Our research is completely based on openly accessible or simulated data sets. It has a rather methodological focus, but always inspired by theoretically important insights from cognitive neuroscience.
Uncovering neural events in naturalistic tasks with time-resolved multiple regression.
Naturalistic language processing cannot be approached with the analysis methods constructed to handle well-controlled experiments. Language is a multi- and cross-level phenomenon, with sequential interdependencies and correlations between various lexical dimensions. Time-resolved multiple regression allows the analysis of neural time series during natural story comprehension. It consists in modelling continuous brain recordings with multiple regression after embedding linguistic features in a temporal-extension matrix (a distributed-lags model). It identifies neural correlates of linguistic processes, accounting for temporal interdependencies – simultaneously for, e.g. acoustics, phonology and semantics. This has resulted in impactful discoveries about how brains process coherent speech, potentially broadening the class of phenomena that can be studied.

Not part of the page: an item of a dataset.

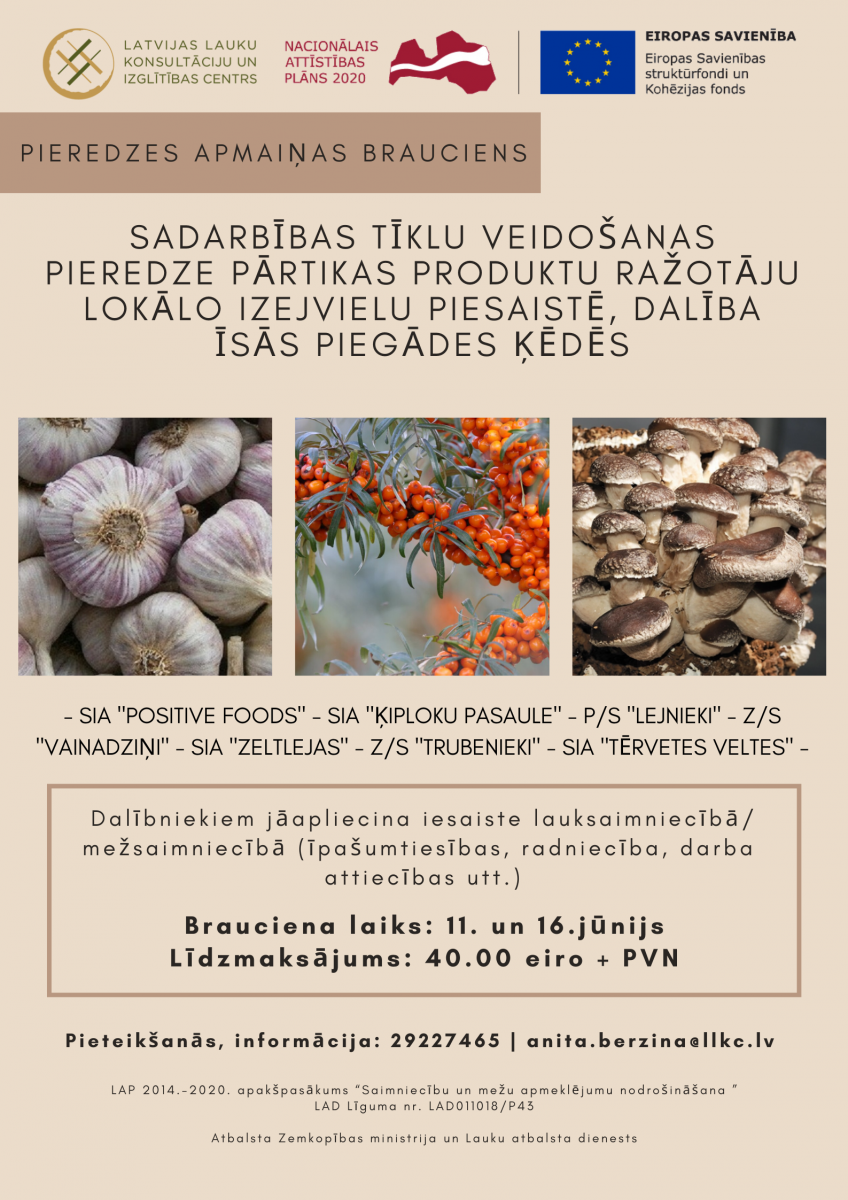 Lai pieteiktos un uzzinātu vairāk, lūgums zvanīt vai rakstīt (e-pastā, sms, whatsapp) Anitai Bērziņai (anita.berzina@llkc.lv, t.n.29227465).

Using cluster-based permutation tests in cognitive neuroscience.
Cluster-based permutation tests are a powerful solution to the multiple comparisons problem in EEG and MEG data. We report on extremely common, yet inapplicable interpretations of this procedure, suggesting unwarranted precision of the actual underlying test statistic and leading to strong, but unsubstantiated claims. We investigate problems and common pitfalls of using and interpreting cluster-based permutation tests. Accurate interpretations of cluster-based permutation tests will contribute to the adequate utilization, as well as the popularity, of this powerful method.